Social structure and family interactions likely play a significant role in the development of the early life microbiome. Breast milk feeding provides a microbiologic link between mothers and infants, including transmission of probiotic-like organisms such as lactobacilli and bifidobacteria, each of which may have some protective effects, including protection against diarrheal diseases and atopy. Pediatricians have long been aware of the infectious disease risks and benefits of daycare attendance, with examples of shared pneumococcal strains producing otitis media and outbreaks of respiratory syncytial virus infection and associations with reduced atopy, allergy, and possibly asthma. Family contacts are risks for acquisition of methicillin-resistant Staphylococcus aureus and subsequent disease. Studies also demonstrate transmission of parts of the human microbiome between household individuals and domesticated pets such as dogs and cats. For example, family members share the same strains of Escherichia coli known to produce urinary tract infections in one of the household members. There may be differences in the oral microbiota among infants for whom the parents did and did not use the practice of pacifier sucking for cleaning. In rural settings, microbiome sharing extends to livestock, household surfaces, and household members.
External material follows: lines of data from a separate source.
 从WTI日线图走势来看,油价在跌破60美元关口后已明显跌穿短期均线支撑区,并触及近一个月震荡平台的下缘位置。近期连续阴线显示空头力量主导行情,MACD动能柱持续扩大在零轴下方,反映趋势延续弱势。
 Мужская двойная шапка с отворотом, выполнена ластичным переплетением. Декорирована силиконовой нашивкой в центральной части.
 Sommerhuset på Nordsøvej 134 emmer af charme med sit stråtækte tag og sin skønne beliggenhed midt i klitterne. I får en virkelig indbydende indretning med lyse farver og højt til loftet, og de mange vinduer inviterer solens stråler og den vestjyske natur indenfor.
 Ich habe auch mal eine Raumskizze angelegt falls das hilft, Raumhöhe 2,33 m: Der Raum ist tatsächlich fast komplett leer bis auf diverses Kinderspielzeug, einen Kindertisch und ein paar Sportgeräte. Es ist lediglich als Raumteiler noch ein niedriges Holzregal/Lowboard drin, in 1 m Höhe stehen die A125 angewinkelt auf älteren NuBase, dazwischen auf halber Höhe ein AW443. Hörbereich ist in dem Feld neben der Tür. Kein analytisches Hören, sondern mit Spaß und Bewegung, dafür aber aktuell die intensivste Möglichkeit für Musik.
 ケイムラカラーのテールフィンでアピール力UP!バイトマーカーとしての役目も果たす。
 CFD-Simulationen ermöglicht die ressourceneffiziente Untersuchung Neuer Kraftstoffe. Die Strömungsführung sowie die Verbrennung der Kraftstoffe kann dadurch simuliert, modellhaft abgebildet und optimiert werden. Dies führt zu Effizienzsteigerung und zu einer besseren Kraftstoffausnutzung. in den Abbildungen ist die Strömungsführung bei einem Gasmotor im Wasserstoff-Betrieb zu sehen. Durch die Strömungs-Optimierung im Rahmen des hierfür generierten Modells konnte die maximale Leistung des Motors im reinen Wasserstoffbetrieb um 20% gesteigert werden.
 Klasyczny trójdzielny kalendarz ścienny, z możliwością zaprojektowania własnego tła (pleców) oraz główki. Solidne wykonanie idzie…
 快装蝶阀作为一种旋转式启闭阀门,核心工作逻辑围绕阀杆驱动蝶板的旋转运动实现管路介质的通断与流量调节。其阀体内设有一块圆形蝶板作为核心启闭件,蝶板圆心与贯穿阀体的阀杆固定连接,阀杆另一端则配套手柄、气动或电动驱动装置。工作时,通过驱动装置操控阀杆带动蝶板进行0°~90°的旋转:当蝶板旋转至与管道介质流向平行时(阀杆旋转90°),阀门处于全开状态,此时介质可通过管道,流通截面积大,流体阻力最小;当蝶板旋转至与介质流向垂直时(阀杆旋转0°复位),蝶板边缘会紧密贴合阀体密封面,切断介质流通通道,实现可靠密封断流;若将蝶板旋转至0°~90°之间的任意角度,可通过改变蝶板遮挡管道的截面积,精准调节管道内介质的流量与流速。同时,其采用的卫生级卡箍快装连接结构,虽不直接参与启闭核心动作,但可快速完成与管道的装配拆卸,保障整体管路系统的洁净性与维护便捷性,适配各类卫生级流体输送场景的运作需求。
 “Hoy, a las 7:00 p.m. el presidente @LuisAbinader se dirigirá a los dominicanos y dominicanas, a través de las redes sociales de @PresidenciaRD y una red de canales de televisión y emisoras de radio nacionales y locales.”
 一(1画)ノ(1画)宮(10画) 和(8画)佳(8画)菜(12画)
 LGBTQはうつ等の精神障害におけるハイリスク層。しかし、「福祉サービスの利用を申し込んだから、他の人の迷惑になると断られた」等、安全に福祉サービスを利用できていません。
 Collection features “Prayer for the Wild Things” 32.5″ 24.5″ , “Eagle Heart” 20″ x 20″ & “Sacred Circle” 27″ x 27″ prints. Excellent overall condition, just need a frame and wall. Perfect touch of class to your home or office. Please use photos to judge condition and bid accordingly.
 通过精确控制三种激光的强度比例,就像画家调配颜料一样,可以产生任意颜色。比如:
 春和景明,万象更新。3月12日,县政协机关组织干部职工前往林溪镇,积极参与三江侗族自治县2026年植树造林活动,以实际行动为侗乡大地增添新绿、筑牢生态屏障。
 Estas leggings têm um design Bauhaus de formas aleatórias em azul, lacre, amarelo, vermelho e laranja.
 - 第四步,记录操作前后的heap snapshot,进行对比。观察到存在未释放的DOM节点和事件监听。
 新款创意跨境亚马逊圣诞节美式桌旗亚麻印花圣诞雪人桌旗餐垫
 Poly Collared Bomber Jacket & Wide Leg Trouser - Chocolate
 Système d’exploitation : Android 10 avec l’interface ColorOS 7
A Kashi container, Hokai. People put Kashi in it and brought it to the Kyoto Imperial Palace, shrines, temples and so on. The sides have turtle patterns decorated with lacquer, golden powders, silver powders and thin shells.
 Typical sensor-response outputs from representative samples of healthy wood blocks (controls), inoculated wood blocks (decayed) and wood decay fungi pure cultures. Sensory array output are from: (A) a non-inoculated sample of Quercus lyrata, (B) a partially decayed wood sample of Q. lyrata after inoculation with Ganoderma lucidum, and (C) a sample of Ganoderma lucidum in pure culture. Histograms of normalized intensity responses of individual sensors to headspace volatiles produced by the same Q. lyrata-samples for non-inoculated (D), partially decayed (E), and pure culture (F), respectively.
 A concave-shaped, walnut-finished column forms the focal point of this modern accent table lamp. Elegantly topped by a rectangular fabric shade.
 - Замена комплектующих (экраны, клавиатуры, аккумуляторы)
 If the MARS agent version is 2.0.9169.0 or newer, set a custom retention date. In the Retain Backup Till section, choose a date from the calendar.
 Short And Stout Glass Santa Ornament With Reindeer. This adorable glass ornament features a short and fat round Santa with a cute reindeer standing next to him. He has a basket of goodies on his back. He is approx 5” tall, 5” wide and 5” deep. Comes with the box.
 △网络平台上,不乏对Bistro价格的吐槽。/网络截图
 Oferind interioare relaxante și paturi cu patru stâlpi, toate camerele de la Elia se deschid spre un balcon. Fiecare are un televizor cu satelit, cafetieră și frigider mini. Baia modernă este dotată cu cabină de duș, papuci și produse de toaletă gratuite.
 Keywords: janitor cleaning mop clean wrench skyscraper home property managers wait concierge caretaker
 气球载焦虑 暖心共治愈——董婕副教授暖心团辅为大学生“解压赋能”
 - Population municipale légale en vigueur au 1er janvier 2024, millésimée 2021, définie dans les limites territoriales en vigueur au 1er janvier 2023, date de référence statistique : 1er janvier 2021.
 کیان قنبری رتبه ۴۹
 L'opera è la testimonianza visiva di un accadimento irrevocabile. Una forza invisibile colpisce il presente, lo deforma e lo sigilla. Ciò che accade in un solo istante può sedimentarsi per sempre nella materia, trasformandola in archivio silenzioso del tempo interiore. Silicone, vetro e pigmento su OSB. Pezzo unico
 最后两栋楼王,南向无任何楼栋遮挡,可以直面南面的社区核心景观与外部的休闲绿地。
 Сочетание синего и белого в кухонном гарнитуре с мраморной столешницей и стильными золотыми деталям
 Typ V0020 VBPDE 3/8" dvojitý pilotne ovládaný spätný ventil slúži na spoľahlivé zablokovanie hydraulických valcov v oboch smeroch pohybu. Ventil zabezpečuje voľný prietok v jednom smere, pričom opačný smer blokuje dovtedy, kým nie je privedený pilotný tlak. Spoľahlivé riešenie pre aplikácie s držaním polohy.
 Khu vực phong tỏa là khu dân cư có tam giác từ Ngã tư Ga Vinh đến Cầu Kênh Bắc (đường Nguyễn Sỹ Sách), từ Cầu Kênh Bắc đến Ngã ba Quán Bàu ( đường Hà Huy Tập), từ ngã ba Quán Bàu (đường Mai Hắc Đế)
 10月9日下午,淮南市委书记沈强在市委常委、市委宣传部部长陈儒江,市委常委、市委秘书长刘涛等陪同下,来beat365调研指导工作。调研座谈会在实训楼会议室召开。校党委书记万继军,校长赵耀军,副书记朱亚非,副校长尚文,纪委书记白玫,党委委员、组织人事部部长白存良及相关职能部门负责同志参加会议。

Thus, development of the microbiome during childhood with environmental interactions is a complicated process that continues to be explored.

The Microbiome and Physiologic Development

Increasingly complex roles are being identified for the microbiome in the development of mammalian physiology ( Fig. 196.2 ). These roles include the development of the enteral tract, respiratory tract, immune system, hematologic system, metabolic-endocrine system, and neurologic system. The details of how the microbiome contributes to these developmental processes in humans are still under intense investigation; however, modeling in other mammalian systems predicts that the microbiome will have a critical role across species.